Two dimensional data, Series container, with both row index and column index
1. Create DataFrame
1.1 create DataFrame through list
You need to specify data, index row and columns
Specify that data and index/columns are of type list or NP arange
df1 = pd.DataFrame(data=[[1, 2, 3], [11, 12, 13]], index=['r_1', 'r_2'], columns=['A', 'B', 'C']) df2 = pd.DataFrame(data=[[1], [11]], index=['r_1', 'r_2'], columns=['A']) df3 = pd.DataFrame(data=np.arange(12).reshape(3, 4), index=list("abc"), columns=list("ABCD")) Copy code
A B C
r_1 1 2 3 r_2 11 12 13
A r_1 1 r_2 11
A B C D a 0 1 2 3 b 4 5 6 7 c 8 9 10 11
1.2 create DataFrame through dictionary
1.2.1 method 1: input a single dictionary. Note that it must be one key with multiple values (in case of single value, it must also add [])
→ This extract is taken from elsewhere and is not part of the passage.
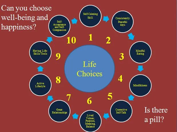 Now suppose on the other hand that instead of giving you a lengthy list we gave you an assessment covering 10 choices, actually 10 choice areas , each carefully selected based upon 40 years of helping people overcome stress, anxiety and depression, and journey toward a life of balance and well-being. Suppose the assessment showed you clearly where you were on a path to well-being, and clearly identified your good choices, bad choices, and opportunities for enriching your life.

dict = {"name": ["jack", "HanMeimei"], "age": ["100", "100"]} # dict = {"name": "jack", "age": "100"}#Writing like this will report an error # dict = {"name":["jack"], "age": ["100"]}#If it is a single value, you must add [] df3 = pd.DataFrame(dict, index=list("ab")) Copy code
age age1 name
a 100.0 NaN MaYun1 b 100.0 NaN MaYun2 c NaN 100.0 MaYun3
1.2.2 method 2: input the dictionary list. Each dictionary is a row of data, and the missing column will supplement nan
dict = [{"name": "MaYun1", "age": 100}, {"name": "MaYun2", "age": 100}, {"name": "MaYun3", "age1": 100}] # dict = {"name": "jack", "age": "100"} df4 = pd.DataFrame(dict, index=list("abc")) Copy code
2. Basic properties of dataframe
dict = {"name": ["jack", "HanMeimei", "Lucy"], "age": ["100", "90","98"], "salary": [30000, 50000, 999000]} df5 = pd.DataFrame(dict) print(df5) print(df5.head(1)) print(df5.tail(1)) print(df5.info()) print(df5.index) print(df5.columns) print(df5.values) print(df5.describe()) Copy code
3. All data are sorted according to the specified column
df5 = df5.sort_values(by='salary', ascending=True) print(df5) Copy code
4. DataFrame simple row and column slicing
dict = {"name": ["jack", "HanMeimei", "Lucy","Mr Green", "Mrs Han", "Lily"], "age": [100, 90,98,90,100,30], "salary": [30000, 50000, 999000,90000,80000,75000]} df6 = pd.DataFrame(dict) print(df6) # Take out the first five lines print(df6[0:5]) # Take out the name column print(df6["name"]) # Take out the name column of the first three rows print(df6[0:3]["name"]) Copy code
5. loc row and column slicing
5.2 * just remember the following one. It's troublesome to remember too much
The basic format is:
df7.loc[that 's ok,column] Copy code
If you take consecutive rows or columns --- use slice:
If you take out discontinuous rows or columns - use list []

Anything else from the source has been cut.